- Genre: Supernatural; Thriller;
- Developed by: Karla Crome
- Written by: Karla Crome
- Directed by: Storm Saulter
- Starring: Gugu Mbatha-Raw; Jonny Lee Miller; Sheldon Shepherd; Bel Powley;
- Country of origin: United Kingdom
- Original language: English
- No. of series: 1
- No. of episodes: 5

Production
- Executive producers: Ruth Kenley-Letts; Jenny van der Lande; Neil Blair; Karla Crome; Storm Saulter; Sam Hoyle; Serena Thompson; Gugu Mbatha-Raw; Jonny Lee Miller;
- Producer: Kate Ogborn
- Running time: 44–51 minutes
- Production companies: Snowed-In Productions; Sky Studios;

Original release
- Network: Sky Atlantic
- Release: 6 August – 20 August 2026

= Possession (British TV series) =

British television series

Possession is a British supernatural thriller television limited series written by Karla Crome and directed by Storm Saulter. It stars Gugu Mbatha-Raw, Jonny Lee Miller, Sheldon Shepherd, and Bel Powley. The series premiered on 6 August 2026 on Sky Atlantic.

==Premise==
A lawyer investigates an inheritance claim in Jamaica.

==Cast and characters==
===Main===
- Gugu Mbatha-Raw as Claudia
- Jonny Lee Miller as Oliver Connaught
- Sheldon Shepherd as Cudjoe East
- Bel Powley as Charlotte

===Supporting===
- Sean Gilder as Tom McKenzie
- Richard Dillane as Eugene Desfrienes
- Diveen Henry as Flora
- Jack Bandeira as Kenneth Connaught
- Shantol Jackson as Sarah
- Safina Simpson as Betina
- Jeff Crossley as Angelo
- Nadean Rawlins as Mercy
- Oluniké Adeliyi as Patsy Dawkins

==Production==
Possession received a series order in December 2024 under the original title Inheritance. It is based on an idea by Jefferson Bannis, with Karla Crome as writer and Storm Saulter as director. It is produced by Snowed-In Productions, in association with Sky Studios. Crome and Saulter also executive produce alongside Ruth Kenley-Letts, Jenny van der Lande, Neil Blair, Sam Hoyle, Serena Thompson, Gugu Mbatha-Raw, and Jonny Lee Miller.

Mbatha-Raw and Miller were announced to lead the cast along with Bel Powley and Sheldon Shepherd in main roles while Nadean Rawlins, Sean Gilder, Olunike Adeliyi, Richard Dillane, Diveen Henry, Jack Bandeira, and Shantol Jackson joined the cast in supporting roles. In March 2026, the title of the series was changed to Possession while Jeff Crossley and Safina Simpson were confirmed to have joined the cast.

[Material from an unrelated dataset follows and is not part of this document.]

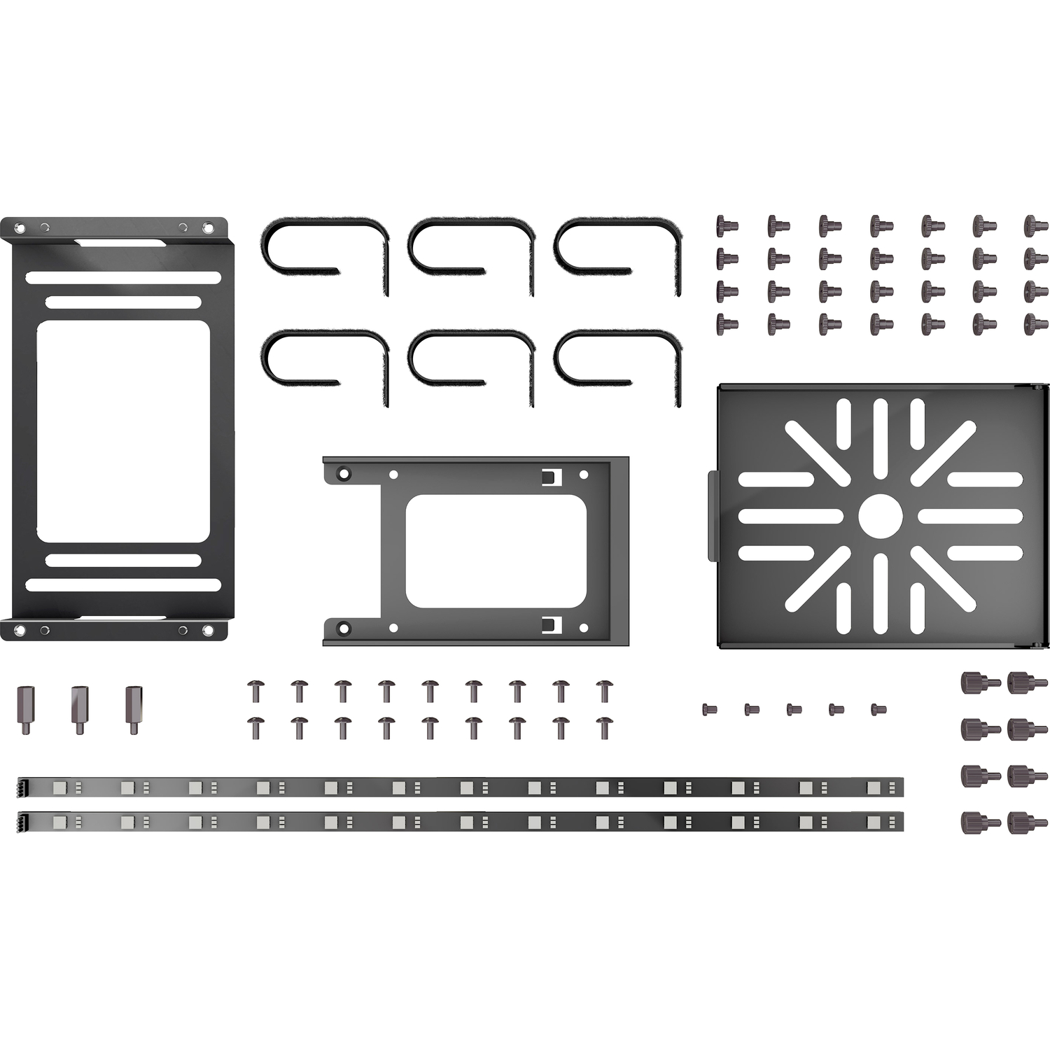 В шоу-руме корпус выглядит внушительно: строгий дизайн в чёрно-оранжевых тонах сочетается с улучшенным шумопоглощением. Многозональный радиатор и глушители обеспечивают тишину, а модульная внутренняя планировка позволяет гибко размещать накопители.

The series is set in the city of Bristol in the United Kingdom and Jamaica. Filming began in December 2024 with filming locations including Bristol in the United Kingdom and Jamaica.

==Episodes==

| No. | Title | Directed by | Written by | Original release date |
|---|---|---|---|---|
| 1 | "Episode 1" | Storm Saulter | Karla Crome | 6 August 2026 |
| 2 | "Episode 2" | Storm Saulter | Karla Crome | 6 August 2026 |
| 3 | "Episode 3" | Storm Saulter | Karla Crome | 13 August 2026 |
| 4 | "Episode 4" | Storm Saulter | Karla Crome | 13 August 2026 |
| 5 | "Episode 5" | Storm Saulter | Karla Crome | 20 August 2026 |

==Broadcast==
The series premiered on Sky Atlantic on 6 August 2026. On the same day, all episodes were released by Sky and NOW.